Memorial of the Queenship of the Blessed Virgin Mary

MT 23:1-12

Then Jesus said to the crowds and to his disciples, “The scribes and the Pharisees sit on Moses’ seat; therefore, do whatever they teach you and follow it; but do not do as they do, for they do not practice what they teach. They tie up heavy burdens, hard to bear, and lay them on the shoulders of others; but they themselves are unwilling to lift a finger to move them. They do all their deeds to be seen by others; for they make their phylacteries broad and their fringes long.

They love to have the place of honor at banquets and the best seats in the synagogues, and to be greeted with respect in the marketplaces, and to have people call them rabbi. But you are not to be called rabbi, for you have one teacher, and you are all students. And call no one your father on earth, for you have one Father—the one in heaven. Nor are you to be called instructors, for you have one instructor, the Messiah. The greatest among you will be your servant. All who exalt themselves will be humbled, and all who humble themselves will be exalted.

New Revised Standard Version, copyright 1989, by the National Council of the Churches of Christ in the United States of America. Used by permission. All rights reserved. USCCB approved.http://www.usccb.org/bible/approved-translation

Mary, Mother and Queen

In all the events of Mary’s life, she is always associated with Jesus. Further, today’s feast of Mary’s queenship has strong Scriptural roots, precisely because Mary’s title as queen is her sharing in Jesus’ kingship. At the Annunciation, the angel Gabriel announced that Mary’s Son would receive the throne of David and rule forever. And at the Visitation, Elizabeth calls Mary the “mother of my Lord.”
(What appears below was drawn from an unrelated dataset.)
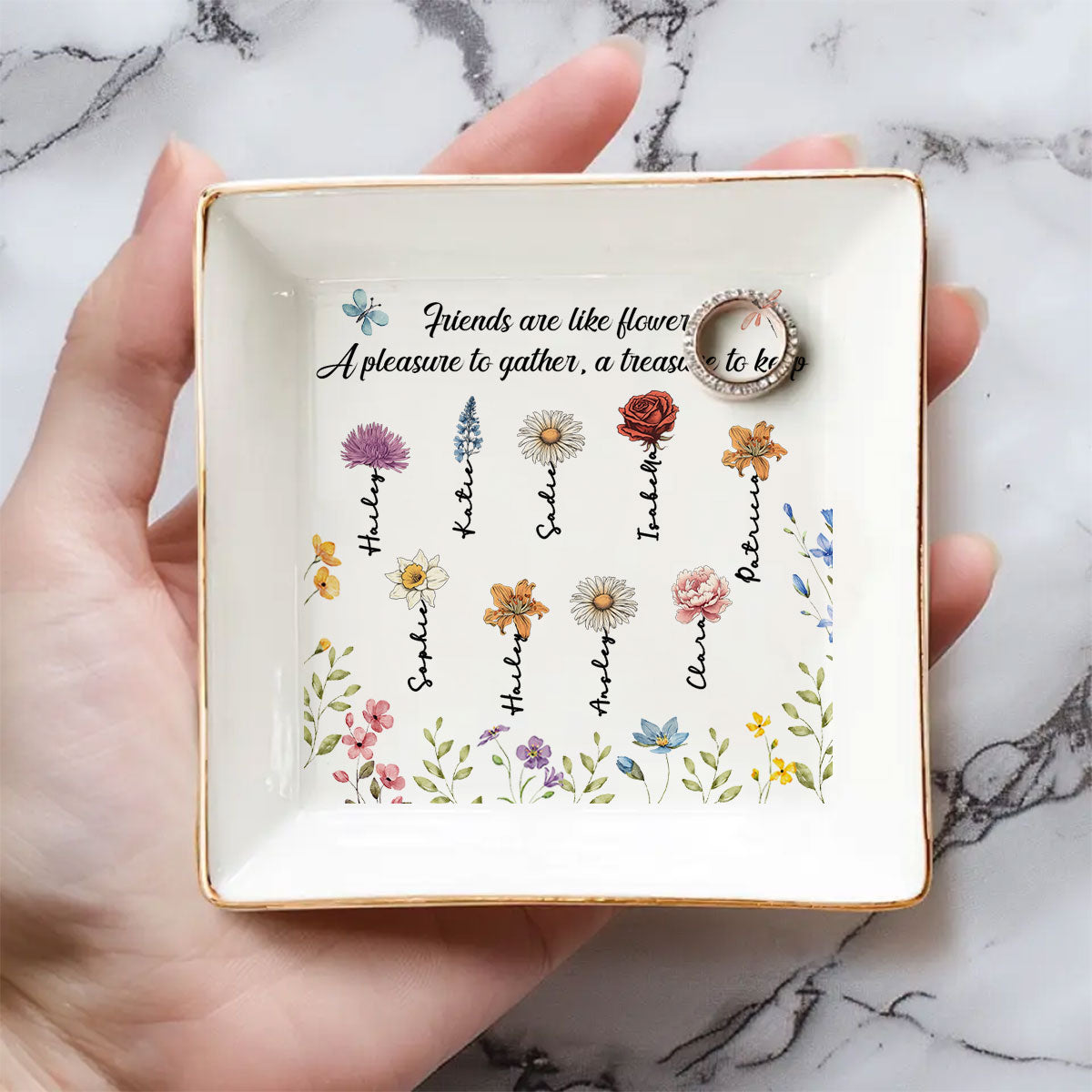 Friends Are Like Flowers - Personalized Custom Jewelry Dish

In the fourth century St. Ephrem called Mary “Lady” and “Queen.” Church fathers continued to use the title. Church hymns of the early centuries address Mary as queen: “Hail, Holy Queen,” (Salve Regina) and “Queen of Heaven” (Regina Coeli) are two of them.  The Dominican rosary and numerous invocations in the Litany of Loreto celebrate her queenship.

Who among us doesn’t rely on special friends to make our way through life. Today’s feast offers the opportunity to reflect and celebrate Mary as a mentor, a special friend, the mother of Jesus.  The hymn below celebrates the special role plays within my personal life and within our family.

—Jesuit Prayer Team

Prayer

Hail, holy Queen, mother of mercies, our life, our sweetness, and our hope;
To you do we cry, poor banished children of Eve.
To you do send up our sighs, mourning and weeping in this valley of tears.
Turn then, most gracious Advocate, your eyes of mercy towards us,
and after this exile show us the blessed fruit of your womb, Jesus.
O clement,O loving, O sweet Virgin Mary.